05/07/2020 (modifier)
Par Gaston
Note: 2/5
Couverture de la série Docteur Inugami
Docteur Inugami

Si je ne me trompe pas c'est le premier manga de cet auteur que je lis. Il est spécialiste de l'Ero-Guro, à savoir des récits qui mélangent l'horreur, la violence et l'érotisme. C'est donc de l'horreur mettant en vedette un mystérieux homme surnaturel qui apparaît si on fait un rituel. C'est le genre d'histoires d'horreur japonais dont les êtres les plus effrayants sont les humains, car l'auteur montre les pires travers de l'homme et n'a pas peur de montrer des images dégoûtantes.
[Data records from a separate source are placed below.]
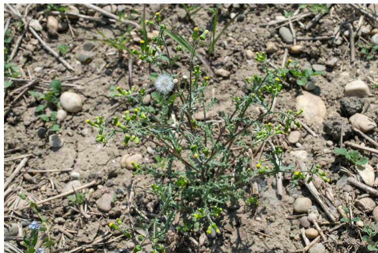
Slika 7. Senecio vulgaris L. – Obični staračac

Obični staračac (Slika 7.) je jednogodišnja ili dvogodišnja zeljasta biljka iz porodice glavočika (Asteraceae). Stabljika je uspravna, razgranata od osnove i naraste do 50 cm visine. Listovi su naizmjenični, plitko urezani, donji listovi nalaze se na peteljka dok su gornji sjedeći. Cvjetovi su žuti, skupljeni u izdužene cvatove, čine ih cjevasti cvjetovi u sredini, jezičasti cvjetovi nedostaju već cijeli cvat izgleda kao da se nije još otvorio. Cvate od ožujka do listopada. Plod nema papus. Jedna biljka godišnje proizvede do 7000 sjemenki koje zadržavaju klijavost do tri godine.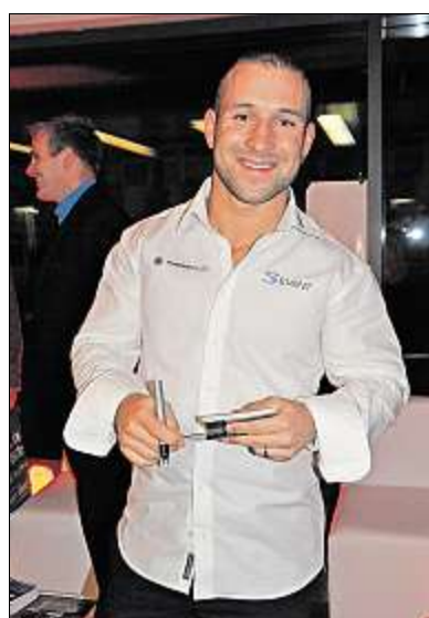
Bahnradfahrer Robert Förstemann schrieb fleißig Autogramme.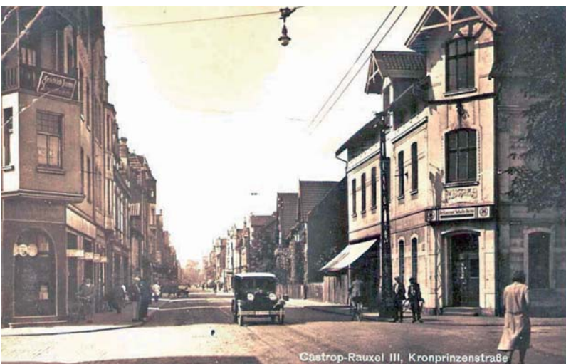
Lange Straße, ehemals Kronprinzenstraße, Foto privat 1925

Parken auf der Lange Str. inklusive der Ladeflächen ..... 30 Minuten in den Seitenstraßen bis ca. 50 Meter vor der Querstr. .... 3 Stunden dahinter ..... ohne zeitliche Begrenzung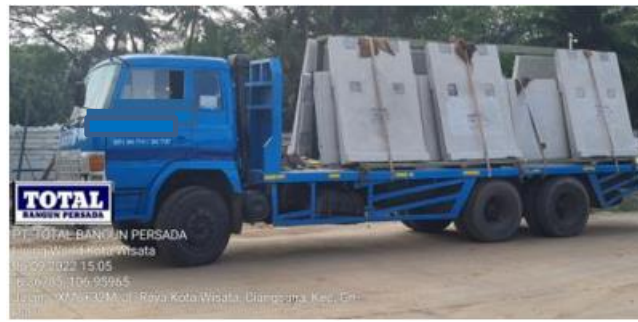
Gambar 10. Precast sampai di lokasi proyek

Setelah barang sampai di lokasi proyek (Gambar 10), beton precast yang telah dikirim diperiksa kembali akan ukuran, letak serta jumlah conduit dan juga plat besi untuk bagian dimana akan di las pada balok sebagai titik tumpu penahan Precast (Gambar 11).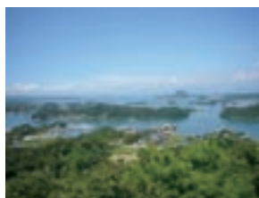
▲高舞登山からの眺望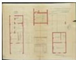
Verbeek A, Prinsenstraat, Wijk P nr. 144c, bouwen van een woning, 28/7/1924 (BOUW#1924/9651)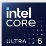
インテル® Core™ Ultra 5プロセッサ

AI専用エンジン「NPU」を搭載したインテル® Core™ Ultra プロセッサ(シリーズ2)搭載。インテル最高水準の電力効率で省電力と処理性能が向上。ローカル上での簡単なAI処理が可能でセキュリティ観点からも安心です。さらにWeb会議時や高負荷作業時快適にお使いいただけます。

Ne lisez pas cet album en mangeant ! Personnellement, je trouvais que le point de départ était intéressant, mais malheureusement cette œuvre a les travers que je reproche à plusieurs mangas du même genre. L'auteur veut tellement choquer et montrer le plus d'idées malsaines possibles, que je trouve qu'il finit pas en faire trop et que cela tourne au grand-guignolesque. Je me suis vite ennuyé et au milieu de l'album j'ai fini par tourner les pages. Dommage parce que j'aime bien le dessin. Pour les gros amateurs du genre en gros.

05/07/2020 (modifier)
Couverture de la série À la faveur de la nuit
À la faveur de la nuit

Je ne connaissais pas cet auteur, Jimmy Beaulieu, j'ai l'occasion de découvrir avec cet album qu'on m'a prêté... malheureusement, je dois déchanter. Ces historiettes sont très inégales, il s'agit de fantasmes saphiques pas très recherchés et sans grande inventivité ; il y a un fil rouge incarné par ces 2 femmes qui se tripotent sur un lit, je perçois cette bande comme une sorte d'hommage à la sensualité féminine, les hommes ne sont pas mis en valeur, mais tout ceci n'est guère original et finit assez vite par m'ennuyer. D'autant plus que le final n'en est pas vraiment un. Par dessus le marché, je n'aime pas tellement le dessin, c'est ni fait ni à faire, ou à moitié fait, c'est comme on veut, bref je n'aime pas ces graphismes approximatifs, ce côté pas fini et épuré, spécialement dans une Bd érotique qui doit étourdir mes sens, me faire voyager dans un océan de sensualité, me transporter vers une dimension suave et presque irréelle, or je n'éprouve rien de tout ça dans cette bande, ça n'est pas pour moi et je vais rendre bien vite cet album à la personne qui me l'a prêté, sans regret aucun. Ou plutôt si, j'aurais voulu être étonné, je ne suis que déçu, c'est mon seul regret...

04/07/2020 (modifier)
Couverture de la série Aura l'Orpheline
Aura l'Orpheline

Baldazzini, j'y suis allé avec méfiance parce que ce que j'avais lu de lui ne m'avait pas plu, ses sujets sont bizarres, glauques ou déviants et je n'aime pas ça dans la BD érotique, c'est un des auteurs les plus insolites du genre. Ce que j'aime en fait chez lui, c'est son dessin qui n'a eu de cesse de s'améliorer, l'ennui c'est que les sujets qu'il traite sont comme je l'ai dit, souvent dérangeants et glauques. Avec cette bande, il tente de construire une vraie histoire et non plus de petits récits à saynètes, avec un personnage de fille malmenée par plusieurs sévices, elle évolue dans un univers sordide, et Baldazzini déroule un catalogue de pratiques sexuelles diverses dont certaines sont assez dégueulasses. Et puis il ne peut s'empêcher de refourguer ces gonzesses dotées de bites, comme dans son horrible Casa Howhard, ça je ne peux pas, ça me dégoûte à un point que je ne peux imaginer, sans compter qu'il y a aussi un peu de scatologie pour couronner le tout. Du coup ben il n'y a rien d'excitant dans tout ça, seul le dessin trouve grâce à mes yeux, ma note n'est que trop généreuse rien que pour ce détail, et je trouve dommage que Baldazzini ne puisse illustrer des sujets plus "propres" avec un trait aussi séduisant plutôt que de se complaire dans ces errances sexuelles infâmes et répugnantes. Pour l'instant, la seule Bd de lui que j'ai disons le mieux acceptée est Chiara Rosenberg.